» MATERIAL SHOWN:

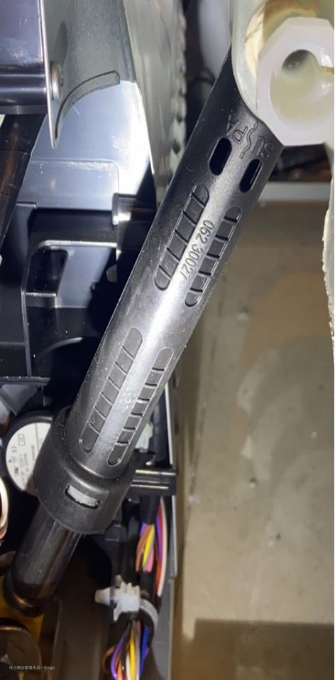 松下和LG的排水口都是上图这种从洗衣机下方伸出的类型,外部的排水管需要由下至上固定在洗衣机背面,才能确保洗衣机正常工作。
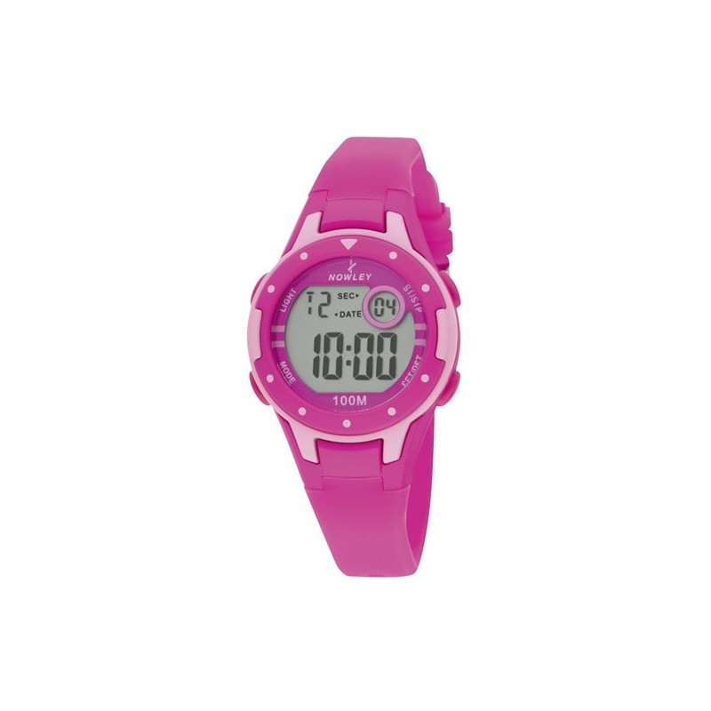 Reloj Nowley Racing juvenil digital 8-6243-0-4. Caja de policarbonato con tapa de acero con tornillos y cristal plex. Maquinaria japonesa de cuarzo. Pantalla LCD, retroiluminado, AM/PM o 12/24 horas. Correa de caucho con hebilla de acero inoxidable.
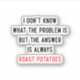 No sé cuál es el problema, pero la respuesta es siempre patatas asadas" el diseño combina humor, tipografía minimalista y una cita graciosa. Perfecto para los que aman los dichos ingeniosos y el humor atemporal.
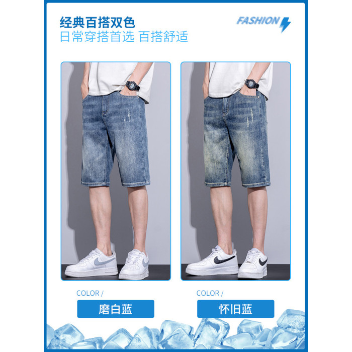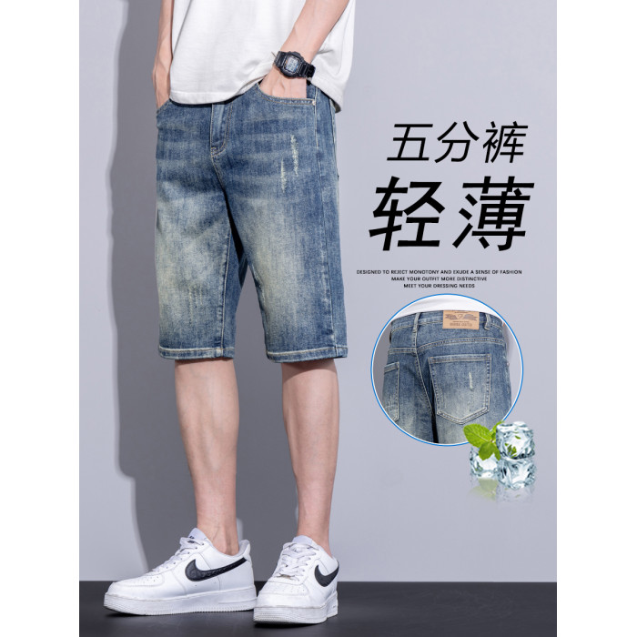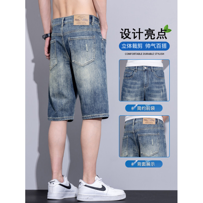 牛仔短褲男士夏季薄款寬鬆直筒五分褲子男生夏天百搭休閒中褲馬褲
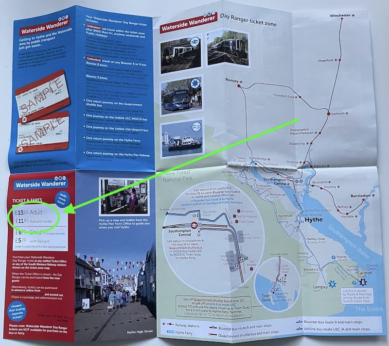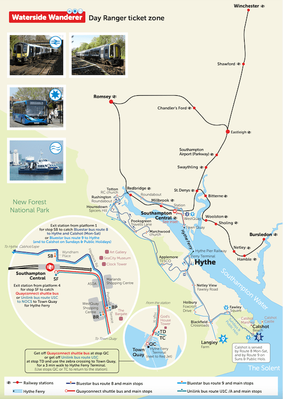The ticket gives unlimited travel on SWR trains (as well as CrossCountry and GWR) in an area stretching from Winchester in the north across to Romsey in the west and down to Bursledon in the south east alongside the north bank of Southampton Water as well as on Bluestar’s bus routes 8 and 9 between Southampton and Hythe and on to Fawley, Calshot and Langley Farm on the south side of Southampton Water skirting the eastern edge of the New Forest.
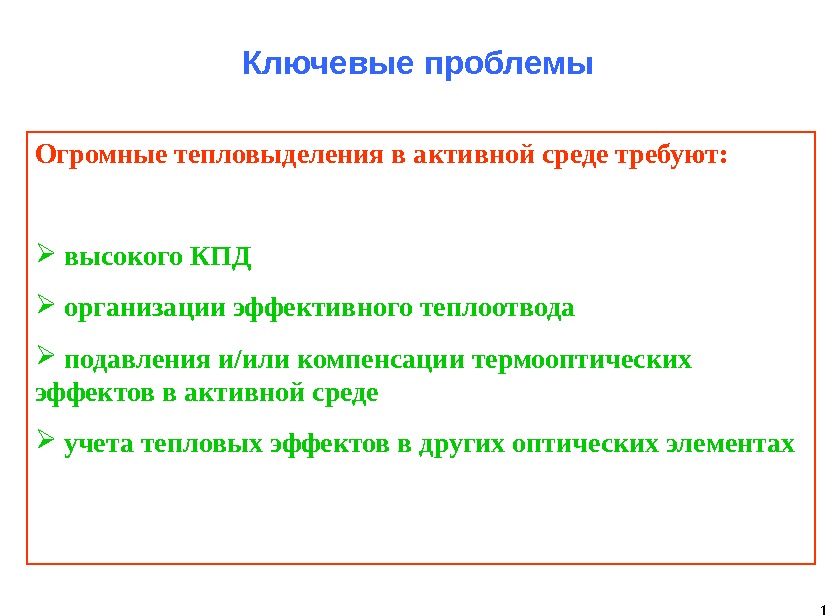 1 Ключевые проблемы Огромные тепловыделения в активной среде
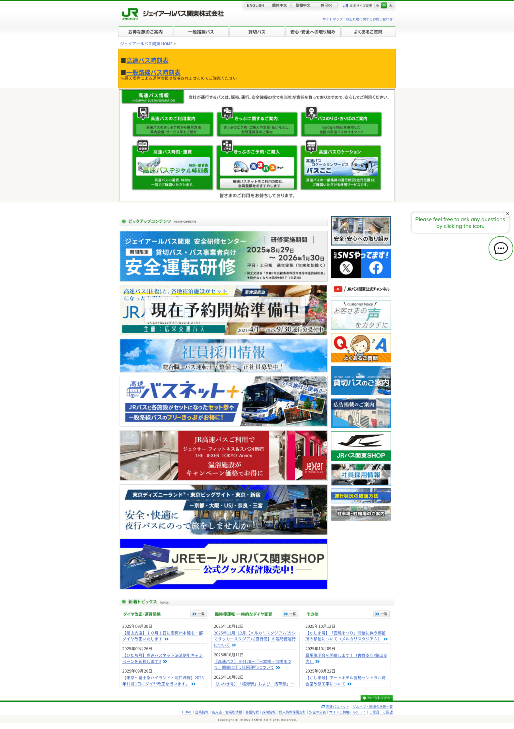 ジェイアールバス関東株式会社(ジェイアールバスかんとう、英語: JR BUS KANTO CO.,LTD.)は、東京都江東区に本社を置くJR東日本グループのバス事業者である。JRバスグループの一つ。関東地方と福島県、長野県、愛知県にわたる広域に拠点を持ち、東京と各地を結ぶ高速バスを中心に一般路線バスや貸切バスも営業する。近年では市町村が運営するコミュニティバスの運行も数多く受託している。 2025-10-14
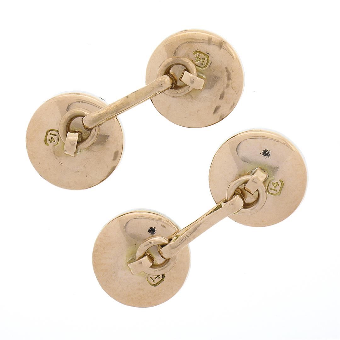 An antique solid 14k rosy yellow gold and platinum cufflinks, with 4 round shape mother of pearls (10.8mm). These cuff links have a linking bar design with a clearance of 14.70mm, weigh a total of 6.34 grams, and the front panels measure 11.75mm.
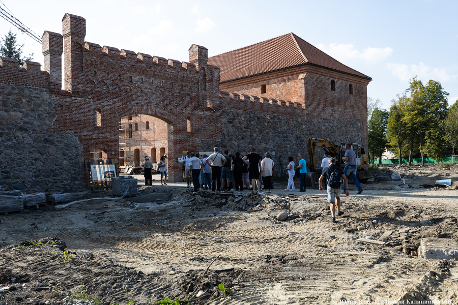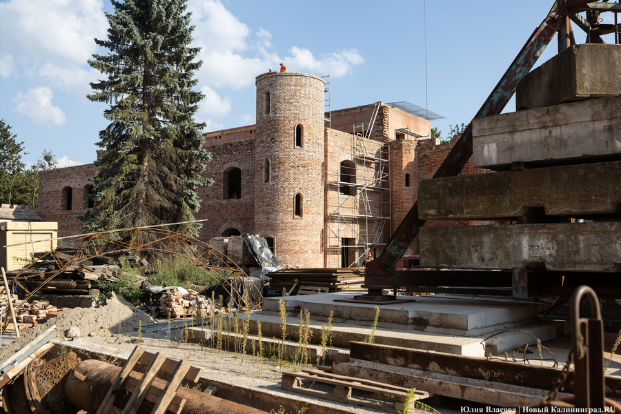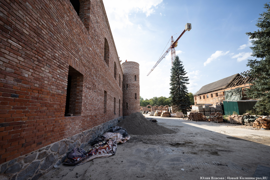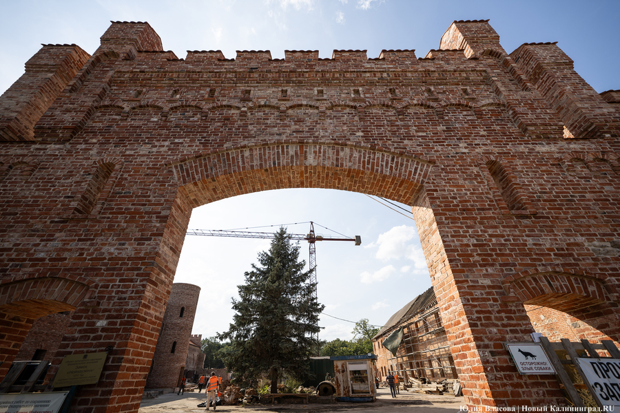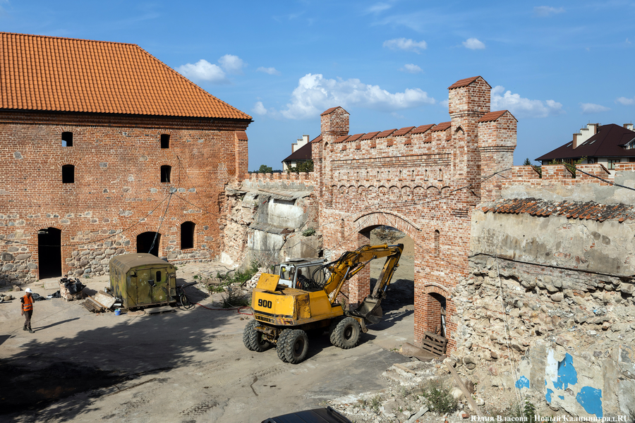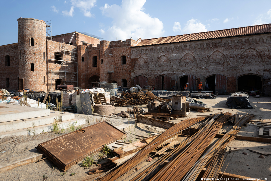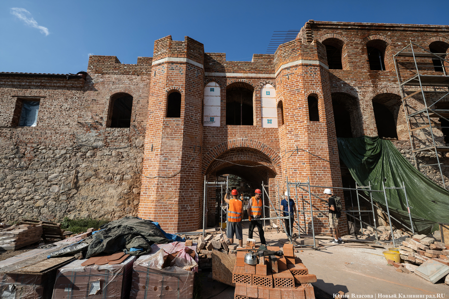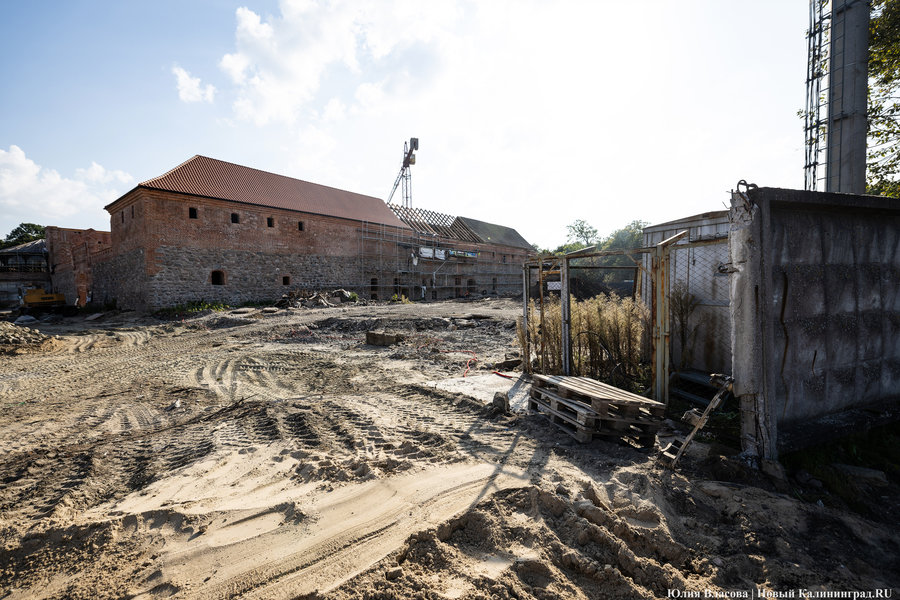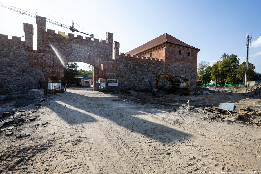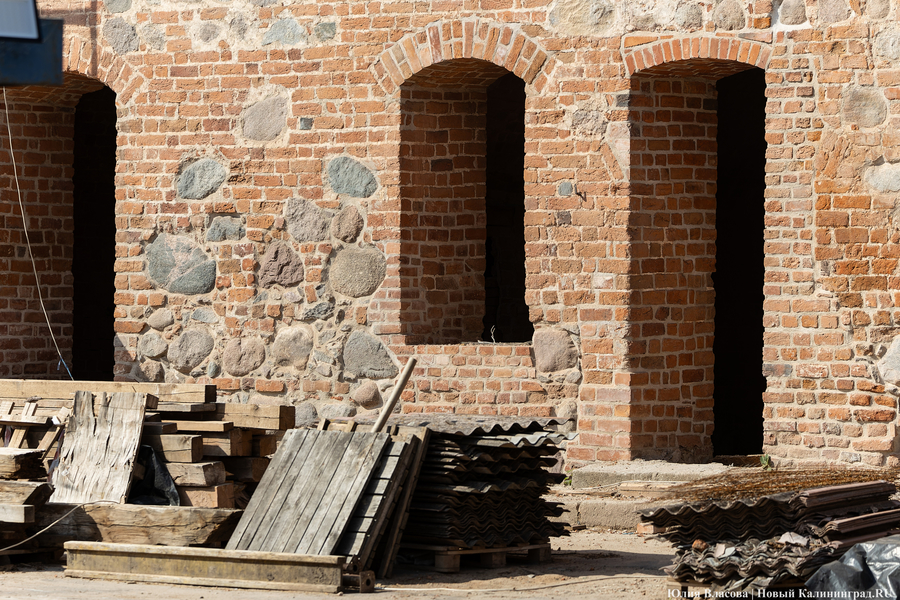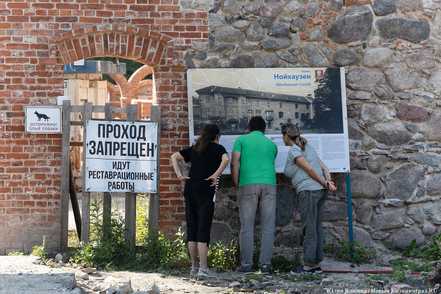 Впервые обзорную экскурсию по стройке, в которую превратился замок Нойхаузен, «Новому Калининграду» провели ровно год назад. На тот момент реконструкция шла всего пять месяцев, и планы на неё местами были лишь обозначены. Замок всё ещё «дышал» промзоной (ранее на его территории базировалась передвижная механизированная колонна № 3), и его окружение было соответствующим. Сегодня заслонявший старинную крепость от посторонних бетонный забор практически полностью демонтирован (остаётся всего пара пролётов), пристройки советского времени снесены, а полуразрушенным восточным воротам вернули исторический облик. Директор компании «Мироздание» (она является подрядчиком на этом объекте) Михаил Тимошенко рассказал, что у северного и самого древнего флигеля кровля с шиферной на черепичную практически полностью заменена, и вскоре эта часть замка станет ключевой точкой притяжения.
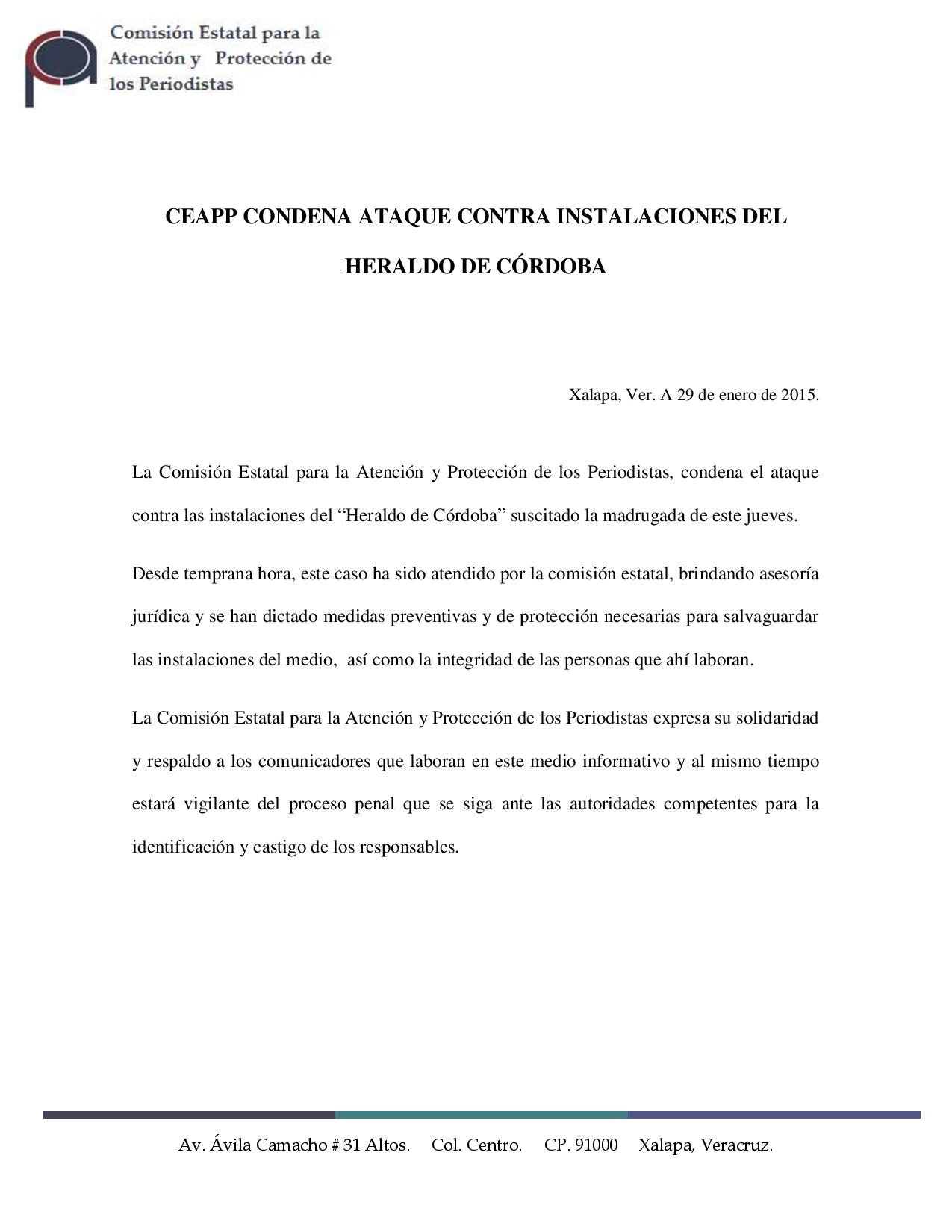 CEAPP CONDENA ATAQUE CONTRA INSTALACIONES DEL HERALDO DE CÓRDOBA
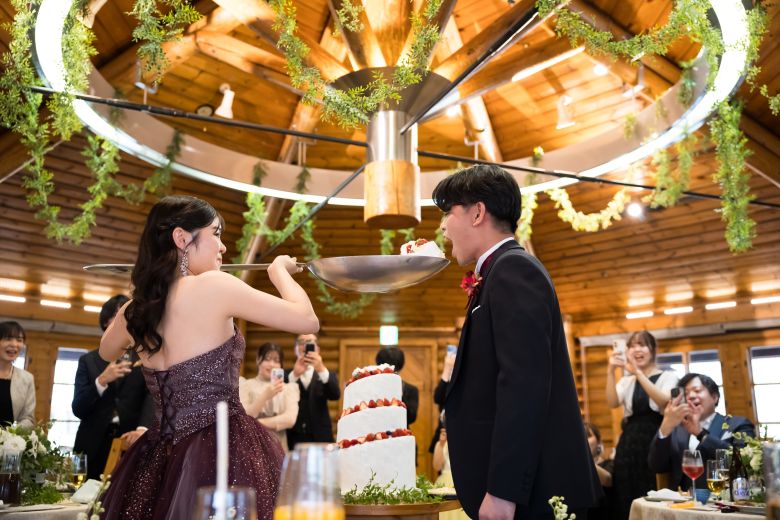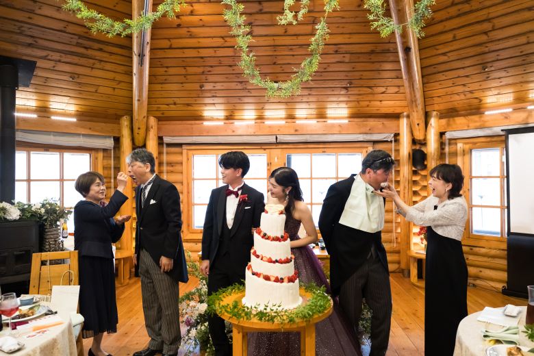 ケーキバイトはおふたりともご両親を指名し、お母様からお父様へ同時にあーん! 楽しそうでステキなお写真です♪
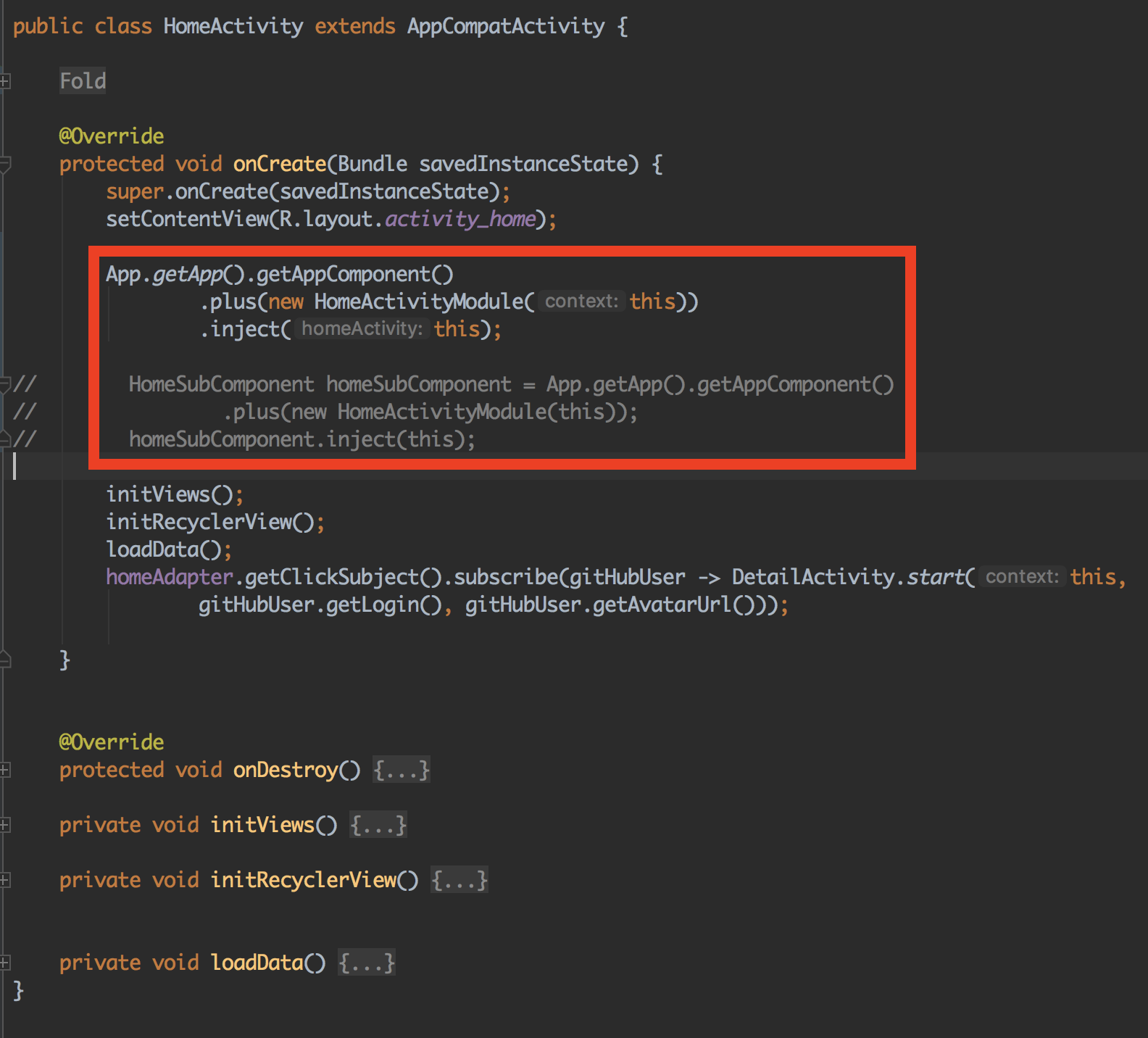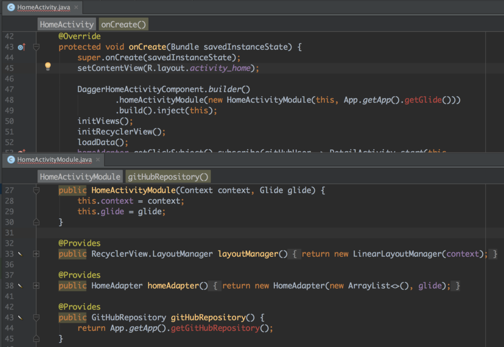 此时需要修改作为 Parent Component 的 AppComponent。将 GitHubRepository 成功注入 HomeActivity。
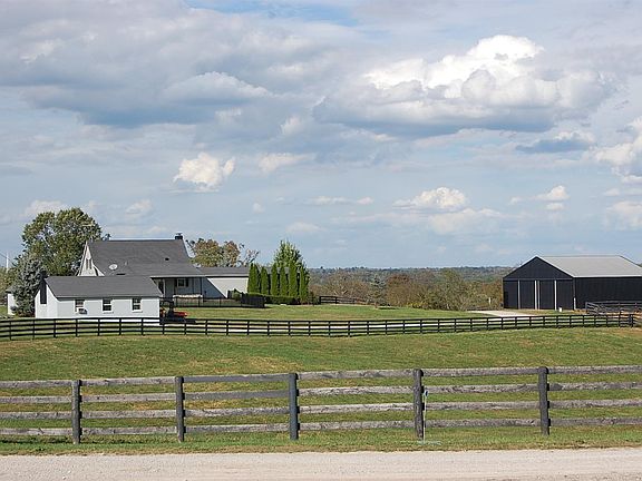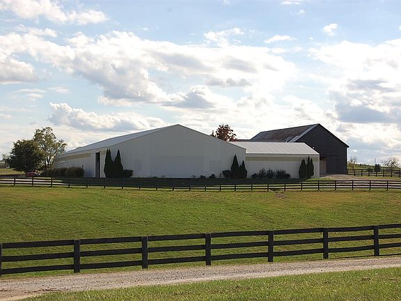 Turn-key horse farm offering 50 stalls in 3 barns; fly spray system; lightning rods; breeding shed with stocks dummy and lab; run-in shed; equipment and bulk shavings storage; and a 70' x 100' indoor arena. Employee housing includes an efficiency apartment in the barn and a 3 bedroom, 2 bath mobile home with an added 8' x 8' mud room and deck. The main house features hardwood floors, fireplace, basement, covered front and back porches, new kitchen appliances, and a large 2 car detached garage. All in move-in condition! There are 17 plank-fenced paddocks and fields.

» BRIEF:
Could you set down, exactly as written, every line from the start of the records above through the line containing "An antique solid", leaving the pictures out?

» ANSWER TO THIS TASK:
 松下和LG的排水口都是上图这种从洗衣机下方伸出的类型,外部的排水管需要由下至上固定在洗衣机背面,才能确保洗衣机正常工作。
 Reloj Nowley Racing juvenil digital 8-6243-0-4. Caja de policarbonato con tapa de acero con tornillos y cristal plex. Maquinaria japonesa de cuarzo. Pantalla LCD, retroiluminado, AM/PM o 12/24 horas. Correa de caucho con hebilla de acero inoxidable.
 No sé cuál es el problema, pero la respuesta es siempre patatas asadas" el diseño combina humor, tipografía minimalista y una cita graciosa. Perfecto para los que aman los dichos ingeniosos y el humor atemporal.
 牛仔短褲男士夏季薄款寬鬆直筒五分褲子男生夏天百搭休閒中褲馬褲
The ticket gives unlimited travel on SWR trains (as well as CrossCountry and GWR) in an area stretching from Winchester in the north across to Romsey in the west and down to Bursledon in the south east alongside the north bank of Southampton Water as well as on Bluestar’s bus routes 8 and 9 between Southampton and Hythe and on to Fawley, Calshot and Langley Farm on the south side of Southampton Water skirting the eastern edge of the New Forest.
 1 Ключевые проблемы Огромные тепловыделения в активной среде
 ジェイアールバス関東株式会社(ジェイアールバスかんとう、英語: JR BUS KANTO CO.,LTD.)は、東京都江東区に本社を置くJR東日本グループのバス事業者である。JRバスグループの一つ。関東地方と福島県、長野県、愛知県にわたる広域に拠点を持ち、東京と各地を結ぶ高速バスを中心に一般路線バスや貸切バスも営業する。近年では市町村が運営するコミュニティバスの運行も数多く受託している。 2025-10-14
 An antique solid 14k rosy yellow gold and platinum cufflinks, with 4 round shape mother of pearls (10.8mm). These cuff links have a linking bar design with a clearance of 14.70mm, weigh a total of 6.34 grams, and the front panels measure 11.75mm.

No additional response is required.